Катя Гранова: Для меня история с Гамлетом проявилась в новой призме, через которую я смотрю на свою работу. Поле постоянного сомнения – это тоже нормально, тоже тип практики.

А вы делали какие-то совместные работы?

Анна Таганцева-Кобзева: Нет. У нас разные визуальные языки и персональные взгляды, поэтому нам важно было создать общее поле, где были бы слышны голоса художников, которые работают с разными темами. Это и есть особенность нашей выставки. Моя живопись здесь экспонируется довольно необычным образом, она помещена в средневековые пики, еще я использую чеканку с выжженными на ней узорами из трав, и объект из белого камня. В декабре я ездила в экспедицию на древнее караимское кладбище, и там были надгробные плиты, на которых в советское время сбивали надписи, связанные с имперской Россией. Сверху вся эта надгробная плита заросла плющом, то есть растение было последней силой, которое врастает и заполоняет свидетельства различных правящих режимов. Меня это тогда это очень тронуло, и я придумала эти объекты.
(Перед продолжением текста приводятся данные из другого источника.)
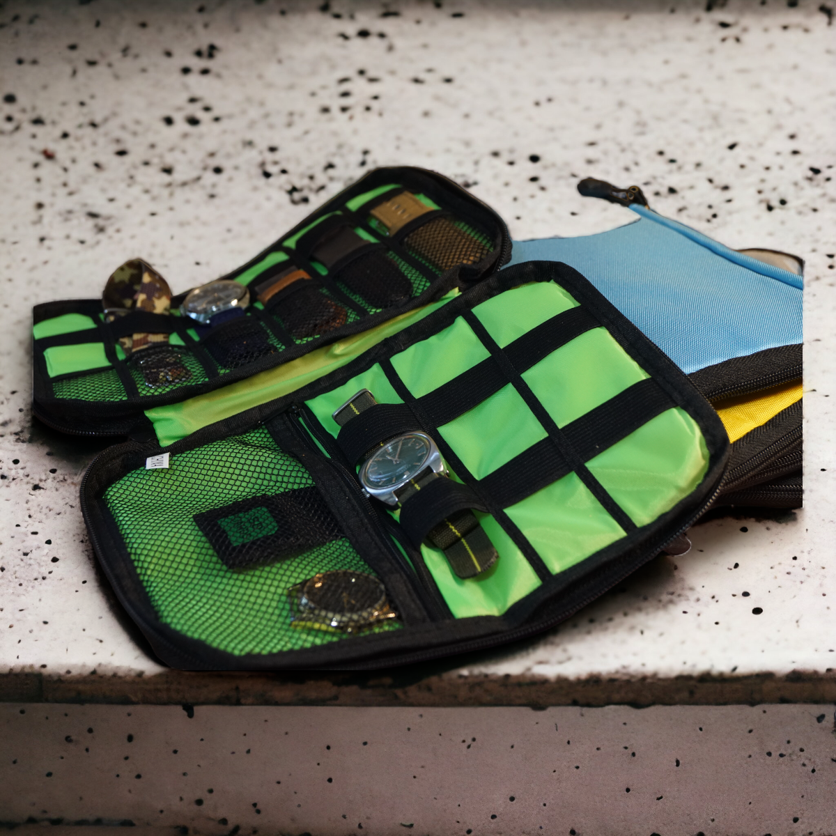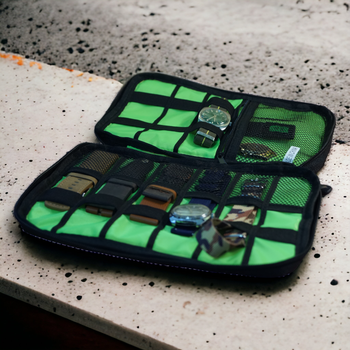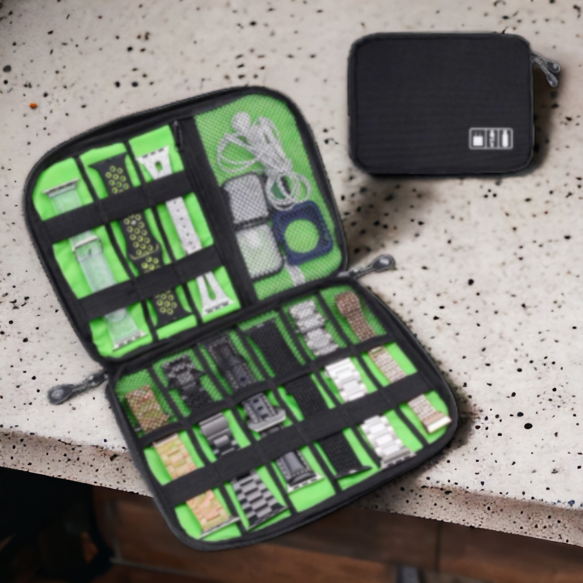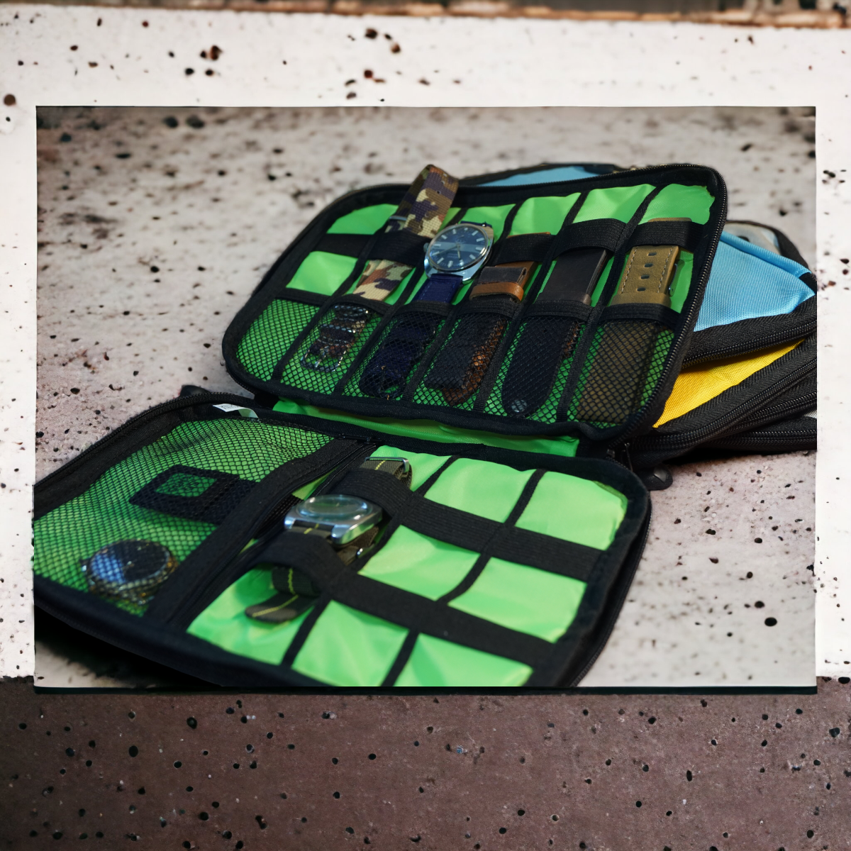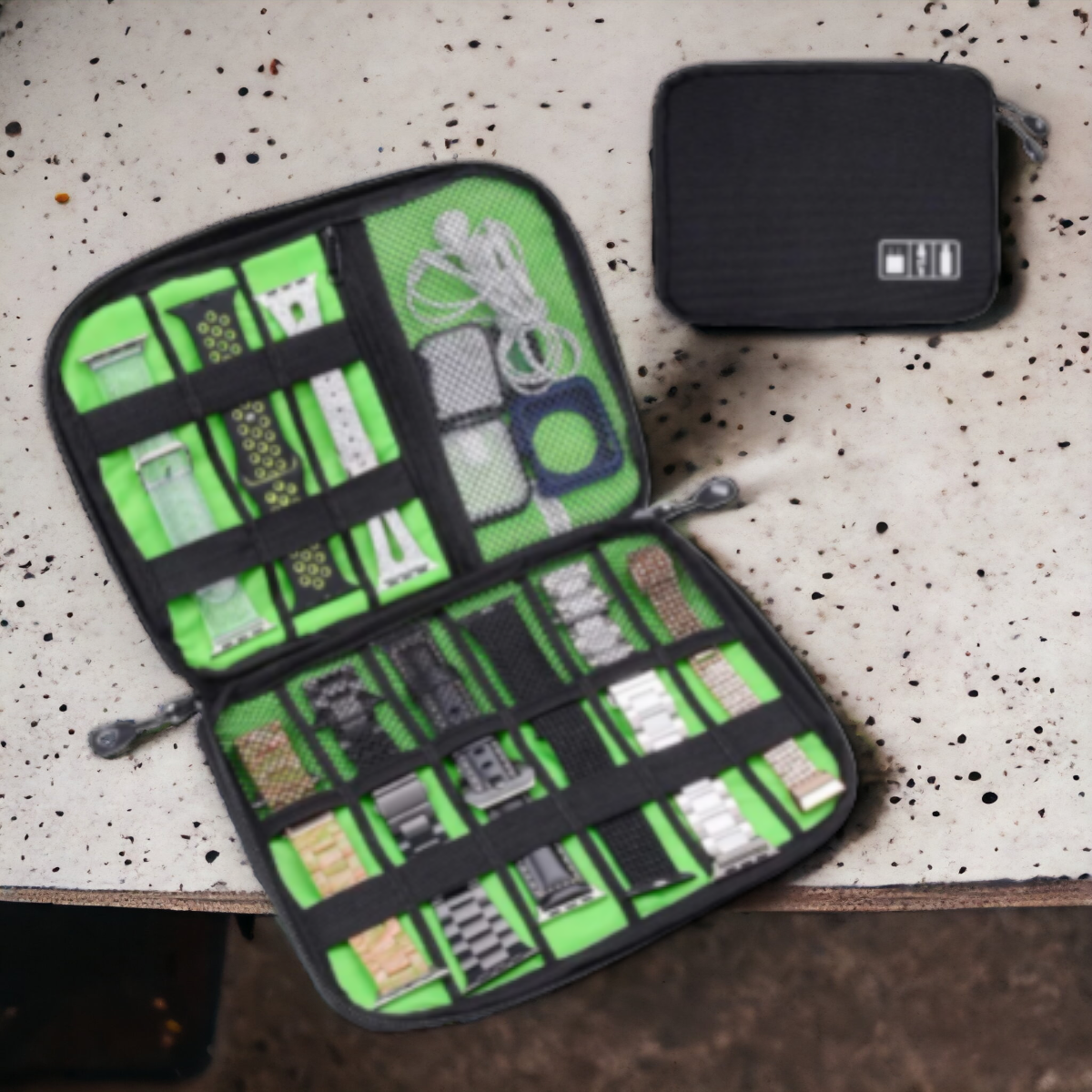 Helposti vetoketjulla avattavissa oleva rakenne auttaa rannekkeiden nopeassa vaihdossa. Tämä tarvike / rannekekotelo kestää ja rannekkeet pysyvät kunnossa.

Эти камни, как части крепостной стены, со сбитыми надписями и символами.

Травы для чеканки я тоже привезла из этой экспедиции, собрала их на склоне пещерного города. Я тогда уже начала по кусочкам собирать материалы для проекта. Здесь опять возникает тема древности и связи с местом. Это такие классические, натуральные материалы, историчные и сложные. Сама техника работы с ними сложна. Кстати, тут у меня нет диджитал работ, хотя в последних моих проектах у меня было много дополненной реальности, 3D скульптуры, например. Сейчас у меня появилось желание взаимодействовать с живыми материалами, с пространством.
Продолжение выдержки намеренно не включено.